- Country: Pakistan
- Language: Urdu
- Genre: Satire

Publication
- Publication date: 1955

= Toba Tek Singh (short story) =

"Toba Tek Singh" ( ALA-LC: ALA-LC /ur/) is a short story written by Saadat Hasan Manto and published in 1955. It follows inmates in a Lahore asylum, some of whom are to be transferred to India following the 1947 Partition. According to a personal essay hosted at Columbia University by a scholar-in-training of Urdu literature, the story is a "powerful satire, and also a bitter indictment of the political processes and behavior patterns that produced [India's] Partition".

==Plot summary==
The story is set two or three years after the 1947 partition, when the governments of India and Pakistan decided to exchange some Muslim, Sikh and Hindu lunatics, and revolves around Bishan Singh, a Sikh inmate of an asylum in Lahore, who is from the town of Toba Tek Singh that has become part of Pakistan after the partition. As part of the exchange, Bishan Singh is sent under police escort to India, but upon being told that his hometown Toba Tek Singh is in Pakistan, he refuses to go. The story ends with Bishan lying down in the no man's land between the two barbed wire fences: "There, behind barbed wire, was Hindustan. Here, behind the same kind of barbed wire, was Pakistan. In between, on that piece of ground that had no name, lay Toba Tek Singh."

==Bishan Singh's mutterings==
In the story, whenever Bishan Singh gets irritated he mutters or shouts a mix of Punjabi, Urdu and English which, though nonsensical, is indirectly pejorative of both India and Pakistan.
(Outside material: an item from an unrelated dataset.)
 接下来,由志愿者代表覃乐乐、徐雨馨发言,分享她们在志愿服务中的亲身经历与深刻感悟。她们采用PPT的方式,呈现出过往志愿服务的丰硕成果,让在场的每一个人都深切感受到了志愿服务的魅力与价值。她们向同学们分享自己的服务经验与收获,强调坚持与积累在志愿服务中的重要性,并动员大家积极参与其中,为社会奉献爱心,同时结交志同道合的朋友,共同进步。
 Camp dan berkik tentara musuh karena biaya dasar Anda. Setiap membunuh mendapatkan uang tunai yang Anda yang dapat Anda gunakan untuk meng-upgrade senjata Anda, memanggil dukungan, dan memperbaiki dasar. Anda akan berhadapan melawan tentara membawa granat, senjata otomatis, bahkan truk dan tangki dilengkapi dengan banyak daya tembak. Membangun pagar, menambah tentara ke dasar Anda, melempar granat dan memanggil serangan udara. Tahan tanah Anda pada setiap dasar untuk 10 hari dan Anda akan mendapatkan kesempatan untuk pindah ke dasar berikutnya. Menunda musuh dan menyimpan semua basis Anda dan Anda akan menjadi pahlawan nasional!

For instance, "Upar di gur gur di annexe di bedhiyana di moong di daal of di Pakistan and Hindustan of di durr phitey mun", which means: "The inattention of the annexe of the rumbling upstairs of the dal of moong of the Pakistan and India of the go to bloody hell!"

== Adaptations ==
In 2006, Sarmad Sehbai adapted Toba Tek Singh, which aired on Pakistan Television on 3 December 2006.

A film based on a play adaptation of this story was made in 2005 by Afia Nathaniel. A short film named Toba Tek Singh was released in 2018 in India. This film is directed by Ketan Mehta.

==In popular culture==
On the 60th anniversary of Partition, the Pakistani theatre group Ajoka, as part of a series of plays and performances, performed a play adaptation in India. It was described as a "commentary on the state of affairs between the two countries, where sub-committees, committees and ministerial-level talks are the panacea for all problems".
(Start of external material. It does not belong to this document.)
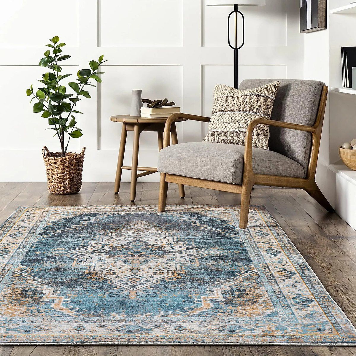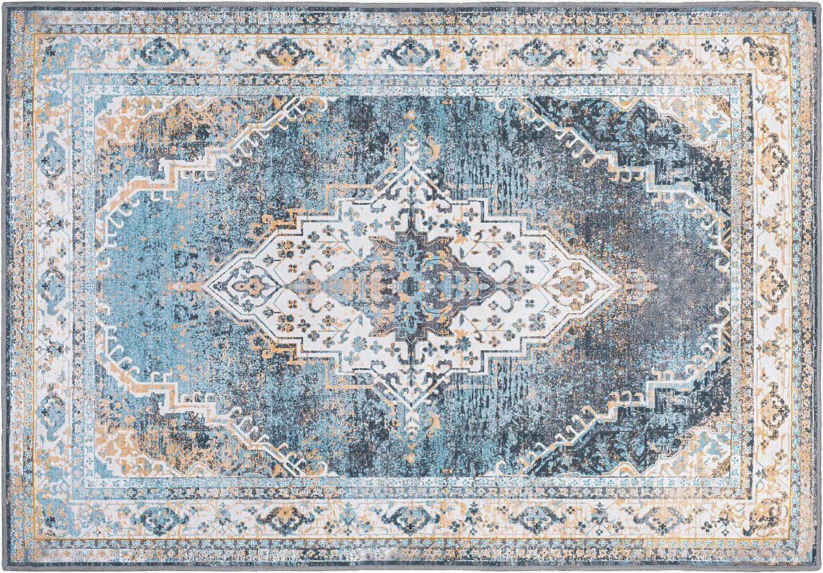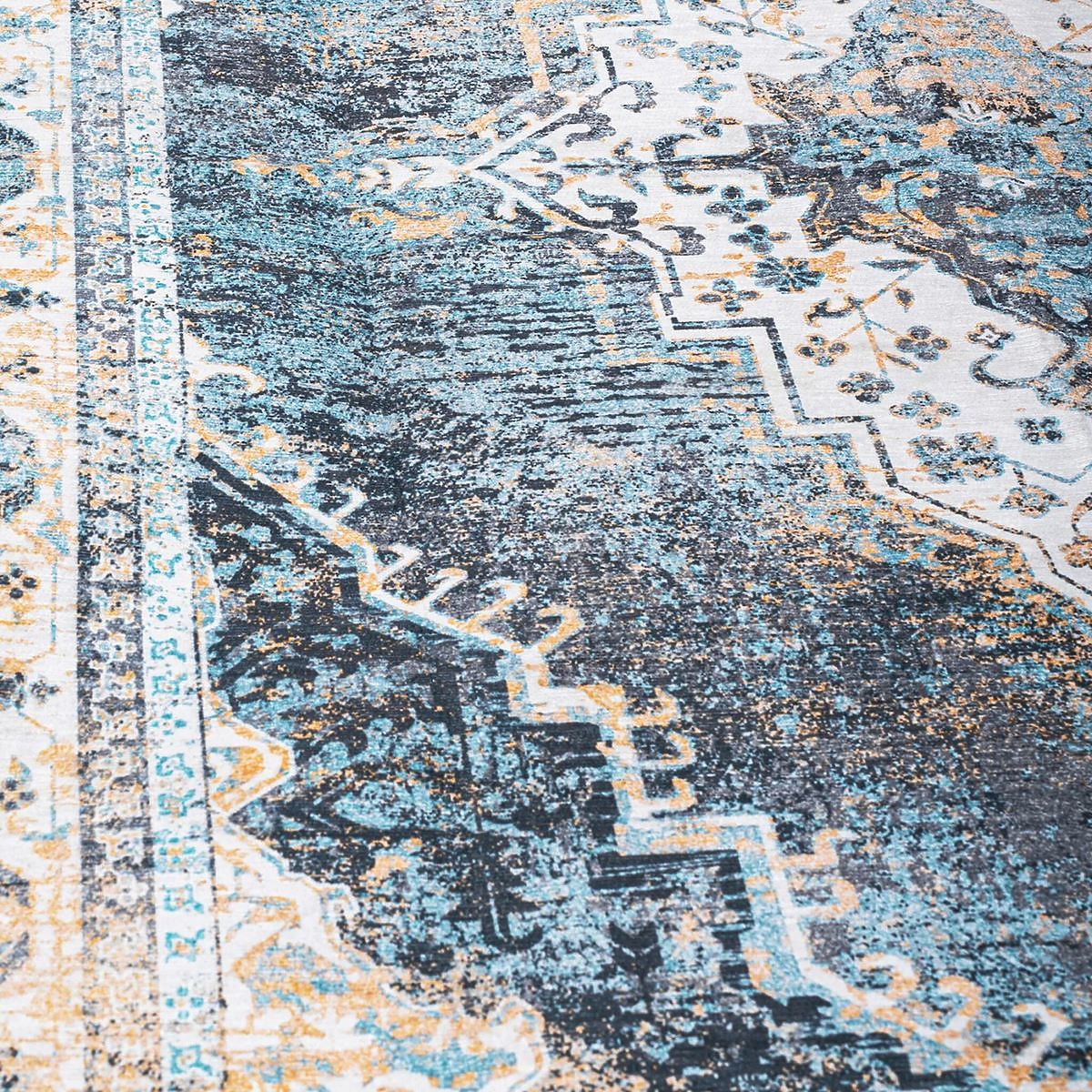 Daca esti in cautarea unui element interesant pentru interiorul tau, acest covor persan este doar pentru tine. Un living sau un dormitor îmbogățit cu acest covor va avea un aspect unic. Covorul este realizat din materiale de înaltă calitate și este asortat cu nuanțe de albastru. Marginile cusute cu grijă îi conferă eleganță și durabilitate. Covorul este antiderapant dedesubt și astfel previne mișcarea necontrolată pe podea.

In 2017, Naatak, America's Biggest Indian Theater, staged a grand musical based on the story. Staged at the Woodside Theater, with original music composed by Nachiketa Yakkundi of the RSV School of Music and dance choreographed by Shaira Bhan and Snigdha Singh of Dance Identity. The musical was written and directed by Sujit Saraf and is available to stream anytime.

In 2018, the British Broadcasting Corporation named the work among the 100 stories that shaped the world, alongside works by authors like Homer and Virginia Woolf.

The 2018 biographical film Manto featured the popular rant of the main protagonist in Toba Tek Singh. It is one of the five short stories by Manto that are featured in the film.

In 2020, British Pakistani rapper Riz Ahmed released a song titled "Toba Tek Singh" on his album A Long Goodbye, and there are multiple references in his film Mogul Mowgli.